It used to be more of a "professional"-oriented feature, but it may have relevance for the next few months on Z490 or B550 because of the Intel i225's throughput and reboot bug issues. On 1Gbe, Intel had a better reputation; my H97N-WIFI has one each of Intel and Qualcomm, and the i217 is more consistent. That said, the throughput issue is supposedly already fixed to some degree and won't be a problem going forward because of a new hardware stepping for future boards; the other is a driver issue that should be fixed on the next software version. Also not an issue because the Tomahawk gets 2 Realteks instead  but so far the Realtek 2.5 is the more problem-free compared to Intel's i225, so pretty good deal.


----------



## Space Lynx (Jun 8, 2020)

oxrufiioxo said:


> The X570 Tomahawk was originally suppose to be $199 or $210 but my guess is MSI figures it would make most their b550 lineup pointless at that price lol.
> 
> I personally wouldn't buy a board without a post code but at least with AMD that seems reserved for 250+ usd  boards which is pretty crappy..... I guess color coded led are better than nothing.
> 
> I guess z490 is pretty much the same though.

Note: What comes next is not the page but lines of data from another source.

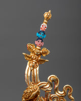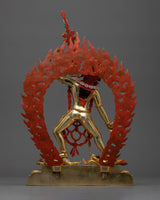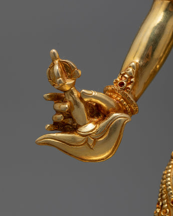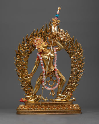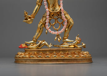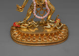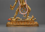 The Diva Vajrayogini Statue is a marvel of artistry, delicately carved from copper and gilded with real 24K gold. The elaborate facial features of how careful the master craftsmen were in their attempt to represent the celestial spirit of Vajrayogini. This monument exudes a sense of spiritual majesty that is enhanced with beautiful acrylic and gold paintwork, encouraging introspection and reverence. The Diva Vajrayogini Statue becomes a treasured focal point for any sacred place because to its exquisite craftsmanship.
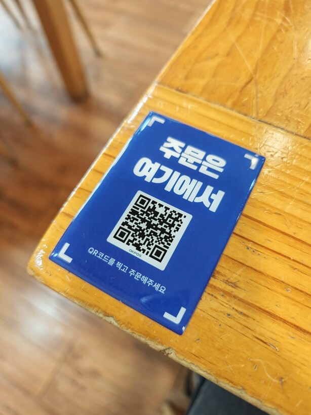 테이블 모서리에 QR코드가 붙어 있어 스마트폰으로 바로 주문이 가능하다. 결제까지는 아니고 주문만 가능하며 계산은 다 먹고 나갈 때 출입구 쪽에서 하면 된다. 수저통 옆에 종이로 된 주문서도 있는 것을 보니 종이로 주문도 가능해보인다.
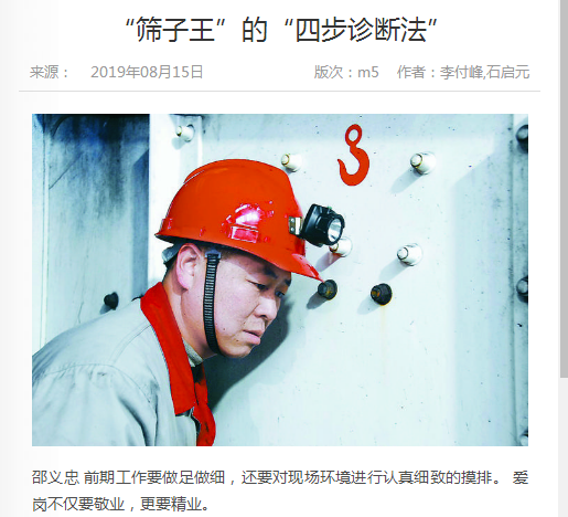 邵義忠2005年大專畢業(yè)來到安徽淮北礦業(yè)集團臨渙選煤廠工作后,一直從事旋流器、直線振動篩的維護、維修工作,對直線振動篩、弧形篩等篩子的“脾性”了如指掌。他經(jīng)過十幾年的工作積累,總結(jié)出了一套“聽(聽篩子有無異常聲音)、摸(摸激振器與過橋軸承組件溫度)、踩(踩篩板與軌座是否松動、刷爛)、測(測激振器油位)”“四步篩子診斷法”,有效提高了篩子故障發(fā)現(xiàn)率,杜絕突發(fā)事故的發(fā)生,大大縮短了事故臺時。這個方法在同行中得到廣泛推廣和應(yīng)用。為此,大家給他起了個“篩子王”的綽號。
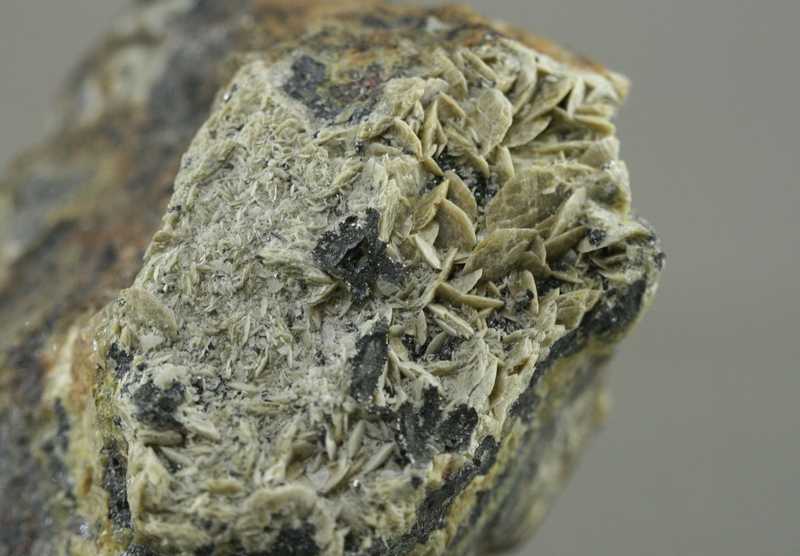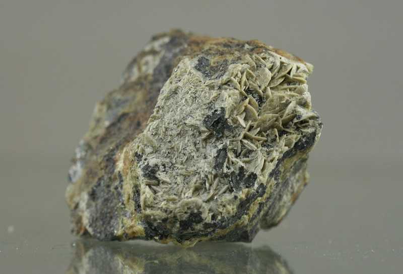 An interesting specimen of löllingite from the Lill mine, Příbram. A specimen of silver-gray lustrous löllingite dust on crystals of siderite.
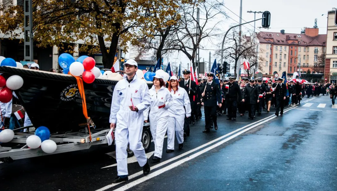 11 listopada 2014 roku studenci i pracownicy naszej uczelni uczestniczyli w gdyńskich obchodach 96-tej rocznicy odzyskania przez Polskę niepodległości. Jednym z głównych akcentów obchodów była barwna i wesoła Parada Niepodległości, której uczestnicy przeszli trasą, od Placu Konstytucji, ul. 10 Lutego, aż pod Płytę Marynarza Polskiego na Skwerze Kościuszki, gdzie miały miejsce oficjalne uroczystości z udziałem władz miasta. W szyku uformowanym przez Akademię Morską w Gdyni nie zabrakło uczelnianych maskotek, łodzi elektrycznej oraz kolorowych balonów i flag z logotypem Uczelni.

if the MSI X570 Unify was 90amp power stages and just as good as the Z490 Unify (both cost the same at $299), I might have considered that. It does kind of irk me they are ok with gimping the x570 Unify and going balls to the wall with the Z490 variant.  meh


----------



## oxrufiioxo (Jun 8, 2020)

Well a 10900k uses about the same amount of power as a threadripper cpu so it makes sense.... All the 300+ boards are pretty overkill unless Ryzen 4000 draws 300+ watts lol.



Actually the most overkill sub 300 amd board is the B550 Aorus Master.... Still can't believe Gigabyte put the vrm from the extreme on it.

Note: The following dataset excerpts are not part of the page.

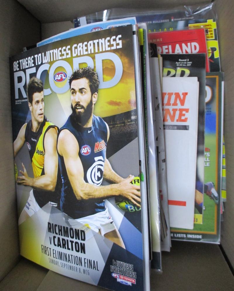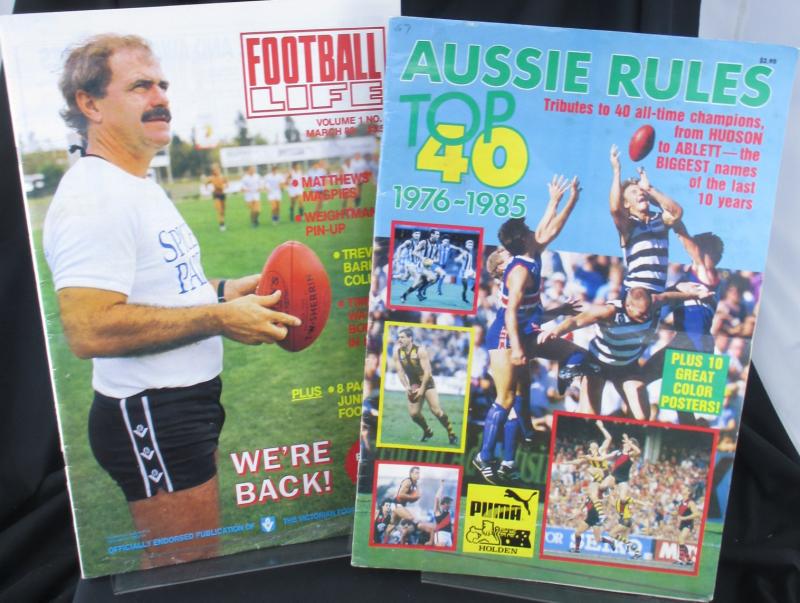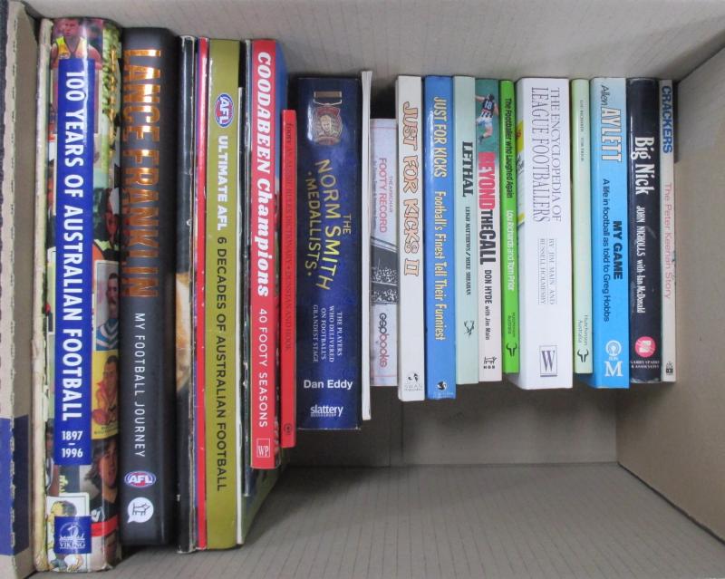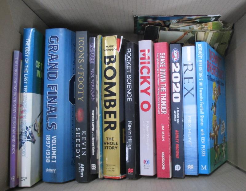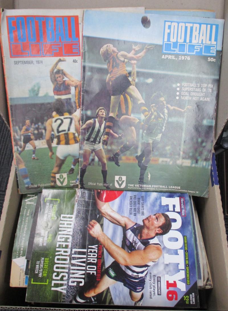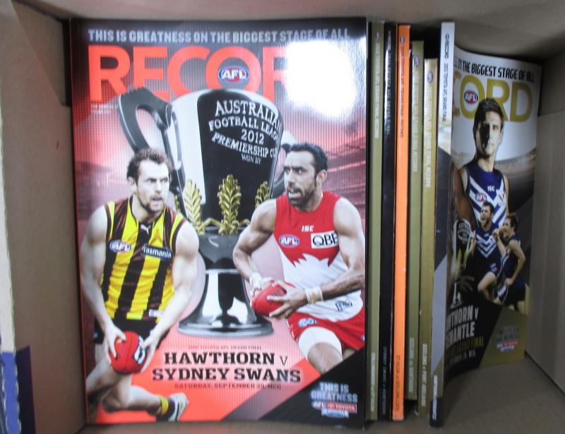 (6); VFA (59); magazines (49); few newspaper supplements; books (37) including 'In The Blood - Celebrating the Red & White 1874-2009' by Jim Main (signed), '100 Years of Australian Football', 'Lance Franklin - My Football Journey'; also 1965-66 Mobil
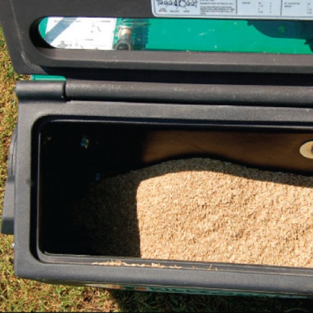 The 25-lb capacity front mounted poly seed box won’t rust or dent. On board instructions are conveniently mounted under the lid to help set seed drop rates.
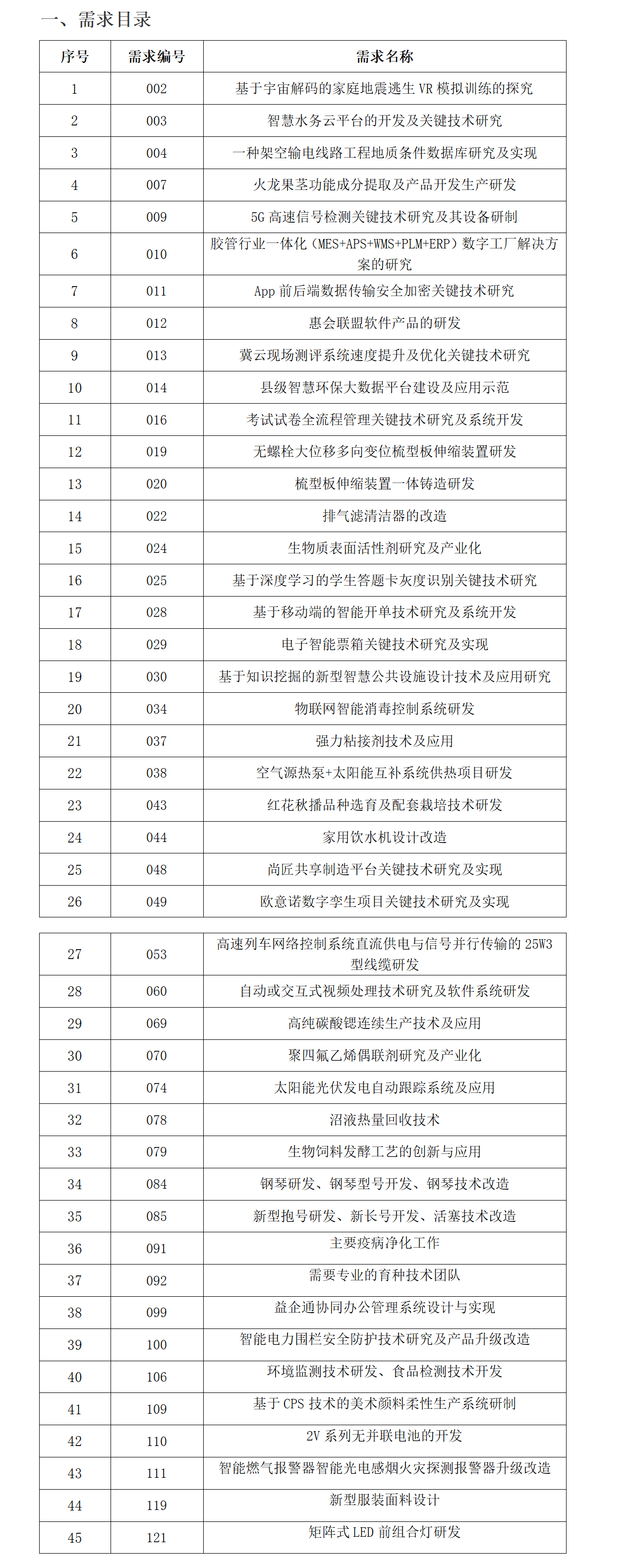 为加快建立以需求为引导、企业为主体、市场为导向、产学研深度融合的技术创新体系,完善“企业出题,能者破题”的揭榜机制,第七届中国创新挑战赛(河北·衡水)赛区征集技术需求。通过“揭榜比拼”方式,面向全社会公告,寻找挑战者,征集解决方案。

I don't think those 90 amp parts were available at a price they could put them onto a 300 usd board at the time..... Those first started on TRX40 boards and then migrated over to Z490,,,

if X570 gets refreshed or X670 is a thing there will definitely be pointlessly overkill 16 phase 90 amp vrms on them lol.


----------



## Assimilator (Jun 8, 2020)

Ugh, I hate this so much.

First it was so-called enthusiasts demanding MOAR PHASES, so manufacturers rushed to add as many unnecessary phases to their boards as they could cram on.
Now enthusiasts are demanding HIGHER AMP PHASES so manufacturers are once again complying.

End result, motherboards end up costing more, and those same "enthusiasts" complain that it's for no good reason.

High phase counts and high-amp phases are only relevant for extreme overclocking scenarios. Zen can't overclock. Ergo, high phase counts and high-amp phases are mostly irrelevant for Zen.

As for choosing a board... don't waste your time now, wait for the Ryzen 3 launch. Almost certainly there will be a re-release of X570 boards, maybe rebranded as X670, that will have the new features that B550 does. So B550 and current X570 will come down in price, meaning you might be able to pick up a high-end X570 WiFi model for peanuts.

And if you really really need WiFi 6, you can pick up a PCIe card with it for $30.


----------



## Space Lynx (Jun 8, 2020)

Assimilator said:


> Ugh, I hate this so much.
> 
> First it was so-called enthusiasts demanding MOAR PHASES, so manufacturers rushed to add as many unnecessary phases to their boards as they could cram on.
> Now enthusiasts are demanding HIGHER AMP PHASES so manufacturers are once again complying.
> ...



That's assuming wave 2 of covid doesn't happen and disrupt supply lines in a harsh way. It is very likely we will get a wave 2 this Fall.


----------



## R0H1T (Jun 8, 2020)

Yeah, you'd have to be very bold to predict no second wave in the season where nCoV will likely inflict the most damage.
The last few "waves" have really only been ripples, though I'm hoping it doesn't get worse than this but there's every chance it will.


----------



## Assimilator (Jun 8, 2020)

lynx29 said:


> That's assuming wave 2 of covid doesn't happen and disrupt supply lines in a harsh way. It is very likely we will get a wave 2 this Fall.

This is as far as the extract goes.